To give you an example…

I mainly use the HEAD Prestige MP 2019 for my more serious match play. One of the downsides with the racquet is that it’s not the easiest to generate topspin with. Also, it can feel a bit underpowered at times.

So I started by adding some weight to the head, it needed about 3 grams at the top of the hoop to reach my desired swing weight (328 strung, anywhere around 327-330, I’m happy). At first I liked a hybrid string setup, but then I felt like I wanted more bite and spin on the ball so I went for a shaped poly (currently TopSpin Max Rotation, but I also enjoy Lynx Tour a lot) but the important thing is to string low. I’m down at 44 lbs or 20 kg and can probably go lower to open up more pocketing and some free depth. The shaped poly will help grab the ball, which gives more confidence to swing out freely, even at a lower tension (check out this post for the pros and cons of lower tensions).

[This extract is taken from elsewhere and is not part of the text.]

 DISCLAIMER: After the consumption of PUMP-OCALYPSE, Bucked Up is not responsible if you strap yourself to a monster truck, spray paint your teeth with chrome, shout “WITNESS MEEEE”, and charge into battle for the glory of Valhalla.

This is a setup I’m generally happy with. A control racquet (I like thin beams) with decent swing weight and a shaped poly at a low tension. It feels like a balanced racquet setup that works for my game. If I work more on my tennis and my playing evolves, then I will need to reasess, but for now it works well.

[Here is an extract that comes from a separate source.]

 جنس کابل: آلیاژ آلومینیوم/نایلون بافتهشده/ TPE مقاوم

I hope this gives you an idea of how you can take a racquet and using light customization and stringing, optimize it for your game. Sometimes what you want and what you have is too far away and then you might need to look for a new racquet, but give it a try first.

If you desperately want to buy a new racquet (or just a string), I’d appreciate if you use my links to Tennis Warehouse, Tennis Warehouse Europe and Tennis Only.

Relevant videos to watch

8 common racquet mistakes
How racquets have evolved
Is your racquet too demanding?
Adding weight to your tennis racquet
5 Racquet problems and solutions


View Comments

  • I also been in this journey for a racket that would be perfect, that does not exist unfortunately.

    I have settled with the boom pro now, but now it comes the string issue, I like it with firm polys, tried hawk touch, RPM (50 and 46, pounds) and it bothers my wrist.
    Alu Power Vibe also worked well, but it lacks some spin/snap.

  • I think many of us underestimate how much a change in string tension, gauge, and composition can affect the performance of our racquets. On a related topic, if you want to keep playing tennis for a long time (decades), I’d be careful in choosing your strings. Spin mostly comes from technique not the string itself [lots of research data on TW about this]. Using thin multifilaments or gut (if you can afford it) at higher tensions will still give you a lot of topspin or underspin (because you’ll have to swing faster) but will do less damage to your wrists and elbows than stiffer polys even when strung at low tension. Outstanding athletes like Del Potro, Theim, and Djokovic have needed surgeries for wrist and elbow injuries. I don’t think this happened often if at all to top players prior to the poly era. Things are probably much worse for us mere mortals. Just my old man two cents.